The bar code is scanned. Each technician handles one or more tasks. Based on a log in, the workflow database knows who is working and the task to be performed. By scanning the barcode the database logs who performed which task and when. This helps with quality control (QC) feedback, as well as process development, because we know how long each task takes.
The first George Blood technician affixes the barcode, scans the barcode, then cleans the disc, using up to three Keith Monks machines as described above. The workstations and workflow are carefully designed for ergonomics and to keep the sleeve with the barcode with the disc. The technician who performs most of the cleaning is rather tall and the workstation is built around his physique. We’ve made parts of the workstation easily adjustable for when someone else does cleaning. Everyone working on the project is being cross trained. This helps balance work load, cover when someone is absent, or if work in one area is stopped. Work may be stopped for maintenance, R&D, reconfiguration such as for ergonomics, etc. This step takes a very different amount of time than the digitization. It would be ideal to take a cleaned disc and put it directly onto a turntable. However this doesn’t work well in practice for many reasons, such as timing, noise, and physical layout.

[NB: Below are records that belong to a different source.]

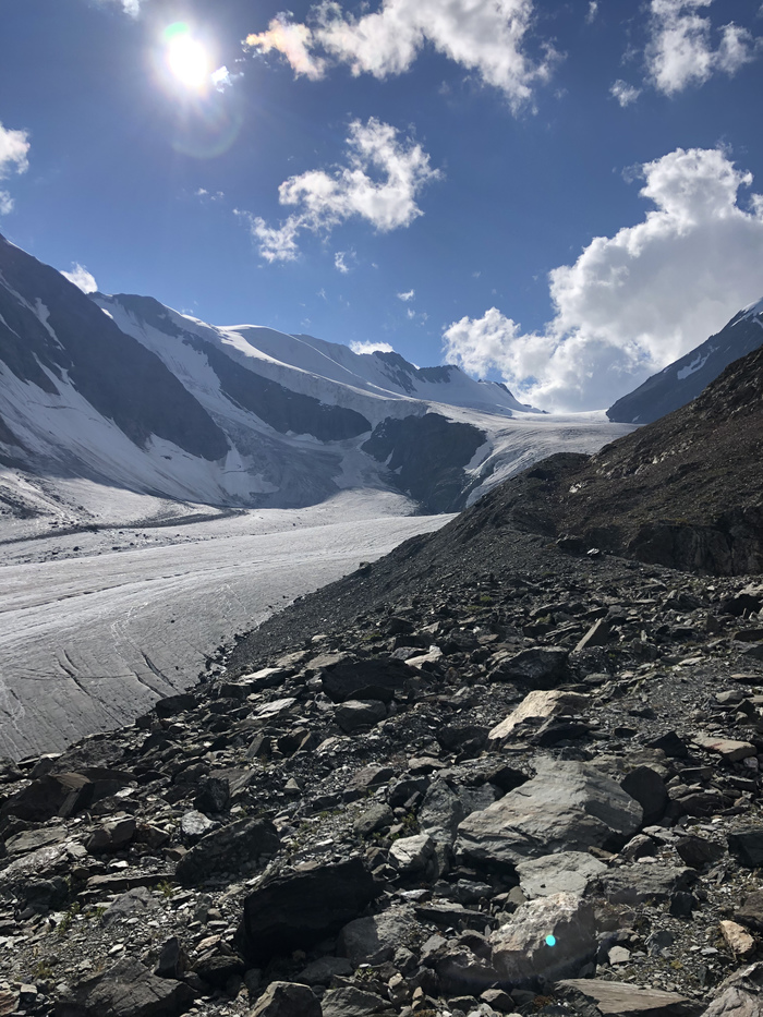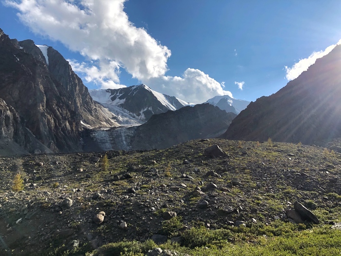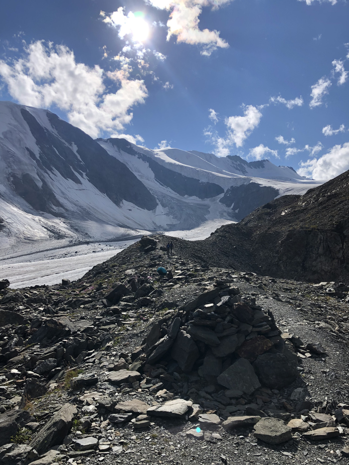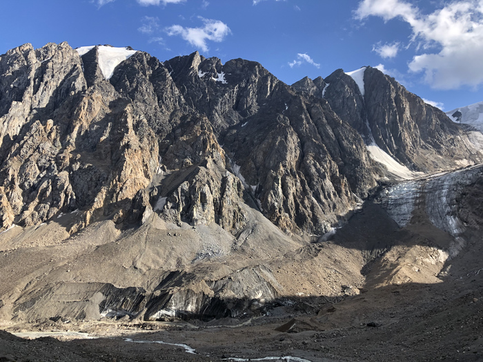 Тут открывается один из лучших видов. Слегка заснеженные вершины и стекающий с них ледник.
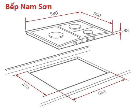 Kích thước lắp đặt: 553R x 473S mm
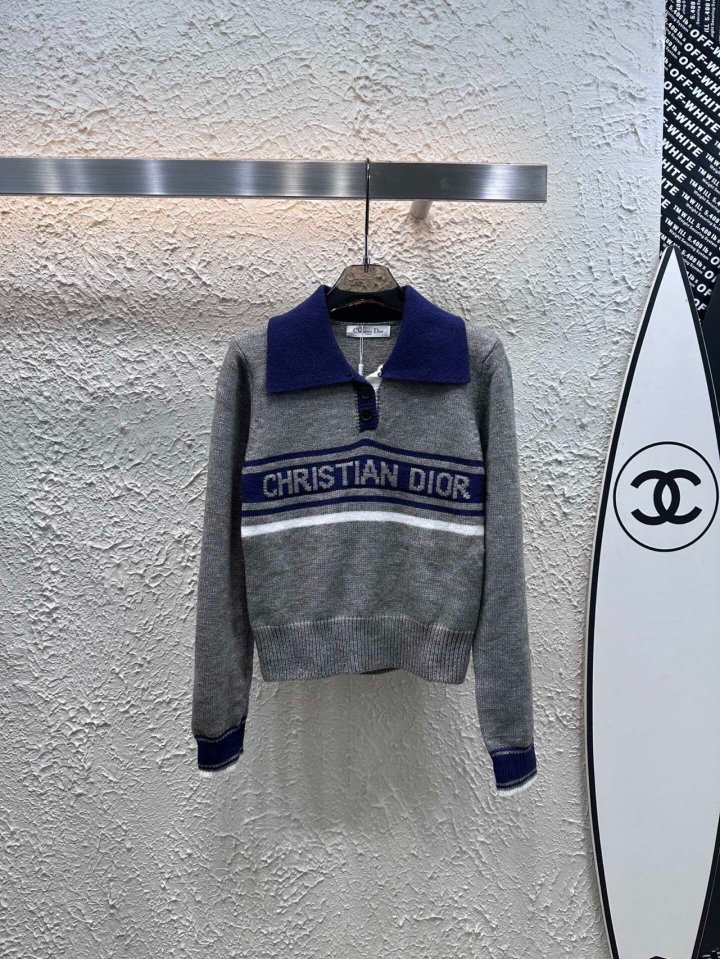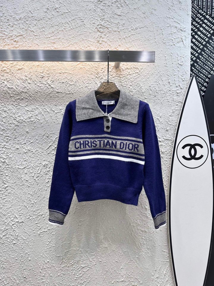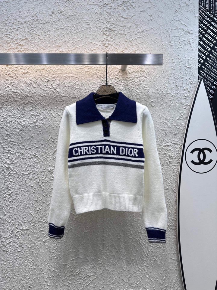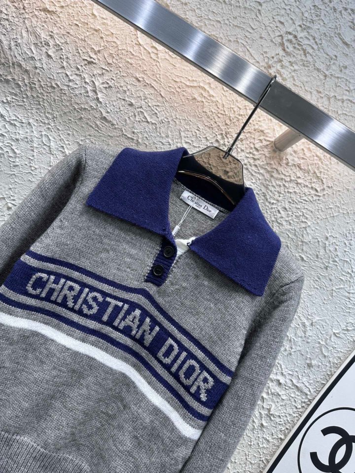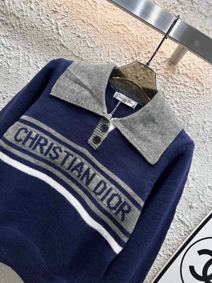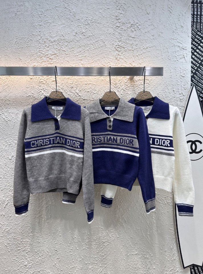 Dior 디올 도톰 배색 풀오버 카라 니트
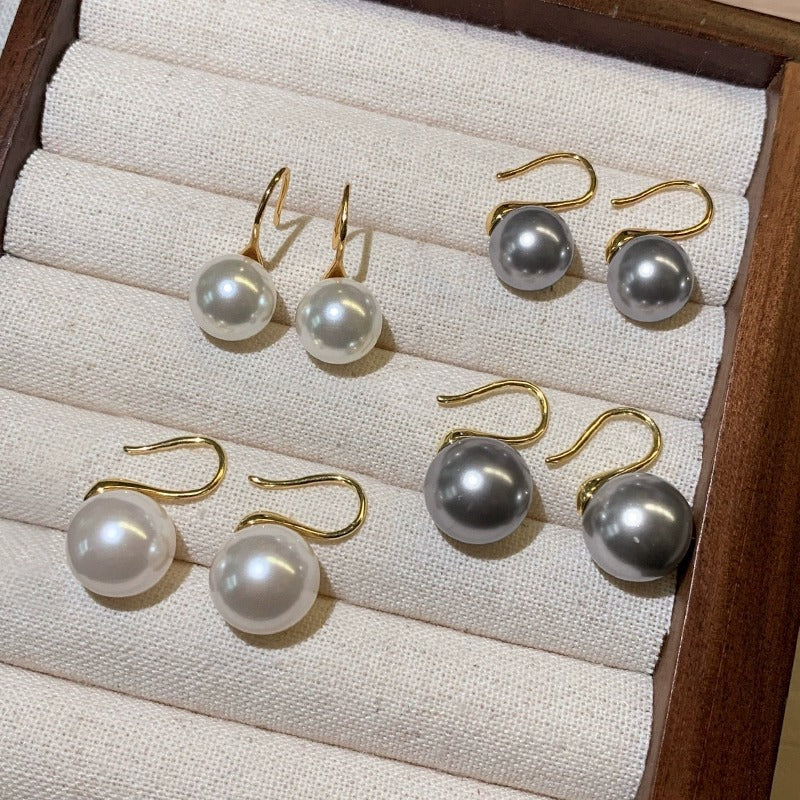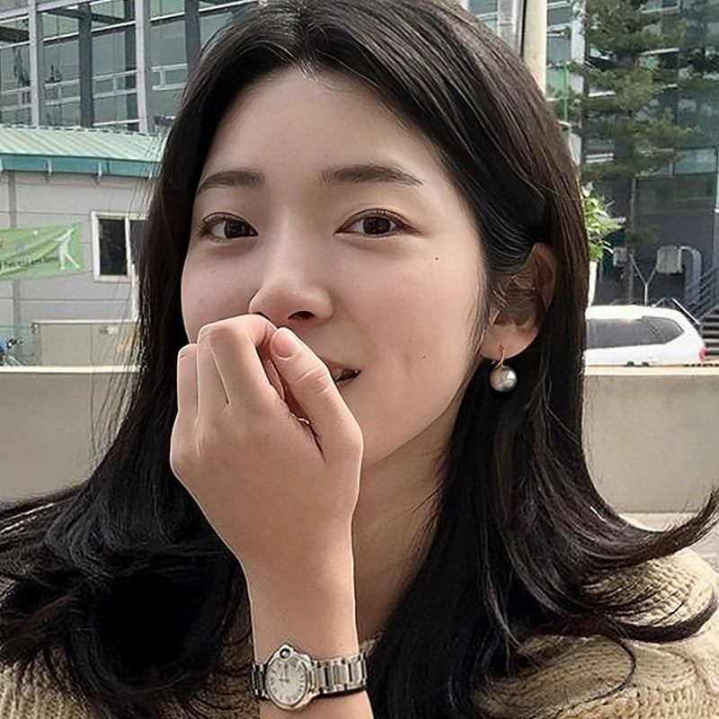 F廠【DQ11137E】S925純銀法式復古圓形仿珍珠耳環女輕奢高級感耳環耳環耳環耳飾品 25.09-3
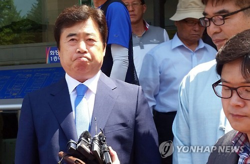 | △ 박경철 익산시장 항소심도 직위상실형…벌금 500만원 (전주=연합뉴스) 최영수 기자 = 박경철(59) 전북 익산시장이 29일 항소심에서도 직위상실 형량에 해당하는 벌금 500만원을 선고받은 후 침통한 표정을 짓고 있다. |

Bar coded and cleaned discs are put back in the boxes. The stacking order and organization has been defined to simplify handling at the digitization stage.
A stack of discs is removed from the box and placed into a bin. The bin allows easy access to the discs, and is at eye level for ease of the digitization engineer. A disc is selected, and the bar code scanned. This tells the work flow database who is digitizing which disc. The barcode is used to create the file name used for the image and the digitization. The disc is place on the turntable. The high resolution camera is mounted directly above the spindle. In this way the disc is always centered in the image, always the exact same distance from the camera, and can easily be rotated so the text is straight. The image is captured, cropped to include the label and lead-out area to display the matrix number.
During the 78rpm era there were no standards for speed, stylus size, or record/playback equalization. Within the trade there is broad agreement that optimizing playback requires both knowledge of the documentation that’s available on these parameters for each label over time, and some amount of judgment. There are many reasons why judgment is necessary. One reason is that the disc may be worn from being played many times with the correct stylus size. Better results may come from using a different (“the wrong”) size stylus because it sits in a portion of the groove that is in better condition. But there’s no free lunch. Using a smaller size may mean a noisier transfer as it plays a less cleanly molded part of the disc. Using a larger size may increase tracing distortion that is the result of the larger size not fitting all the way to the bottom of the smaller grooves of higher frequencies. Another example is the disc was recorded slower than normal so a longer work would fit within the limited recording time available on a 78rpm side. When played at the “normal” speed, the piece will play too fast. The same may be true of the record/play equalization. Maybe the original engineer or producer deliberately used the “wrong” settings so when the disc was played with the “correct” settings it sounded punchier, or smoother, or warmer, or whatever effect they were trying to create. Now we’re judging between “correct” versus “original intent.” Professionals argue over whether the goal is “correct” or “sounds best”. We also argue over the meaning of correct and sounds best!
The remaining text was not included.